И Лебедев, тихонько сжав губы и как бы про себя улыбаясь, вытягивая шею из-за плеча Маршака, с величайшим изяществом намечает карандашиком пространство для текста.

—А не получится...— спрашивает Маршак и начинает смеяться,—не получится, что ваш конь лягает мои стихи?

Тут и Лебедев начинает смеяться. И весело всем».

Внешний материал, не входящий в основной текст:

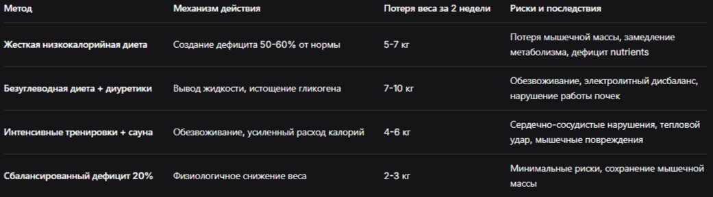 Таблица: Сравнительный анализ методов экстренного похудения

Подобные обсуждения макетов, на которых обычно присутствовали многочисленные авторы и редакторы, становились для них увлекательной школой профессионального мастерства. Но гораздо более важно то, что тип творческих взаимоотношений, сложившихся между лидерами издательства, весьма быстро был взят на вооружение и другими сотрудниками. «С самого начала образования Г осу дарственного детского издательства определился равноправный союз писателей и художников. Создание детских книг требовало не только единения, но и дружбы. Труд писателя и художника стал неразделим, слился в единый сплав». В 1925 г. вышли в свет четыре программных работы Лебедева и Маршака, в значительной степени наметившие пути всей ленинградской книжной графики для детей: «Цирк», «Мороженое», «О глупом мышонке», «Вчера и сегодня». Оформляя «Цирк» и «Мороженое», художник вспомнил и о своем увлечении абстрактным искусством, и о приемах графической публицистики: фигуры и предметы сконструированы из простейших геометрических фигур. Явное плакатное происхождение героев не лишает их емкой выразительности. В «Мороженом» сатирические черты подчинены гедонистическому пафосу авторов. Объедающийся мороженым толстяк при всем своем сходстве с буржуем из «Окон РОСТА» не только смешон, но и по-своему трогателен, происходящие с ним метаморфозы провоцируют динамику развития сюжета. «Цирк» решен в сходной, но все же в несколько иной стилистике, в другом ритме. Это «...медленная книжка. Каждый разворот в ней — целый цирковой номер, законченный и отделанный... Каждая страница— остановка, требующая неторопливого разглядывания...». Каждый персонаж появляется здесь лишь один раз, но он надолго остается в памяти зрителя. И дело не только в том, что артисты и животные проявляют чудеса силы и ловкости, а клоуны одеты в уморительно нелепые костюмы. Гораздо важнее одновременно условная и конкретная, восторженная и ироничная, оригинальная и предельно простая трактовка этих образов художником. Остроумные строки Маршака, обрамляющие литографии сверху и снизу, играют в книге и важную композиционную роль, придают страницам необходимое равновесие. Искусствоведы считают, что каждая страница «Цирка» могла бы стать великолепной афишей. Особенно удачно колористическое решение цикла. «Не в хаотичной пестроте секрет веселости детской книжки, а в качестве простых цветовых сочетаний, обладающих свойством радостно действовать на психику.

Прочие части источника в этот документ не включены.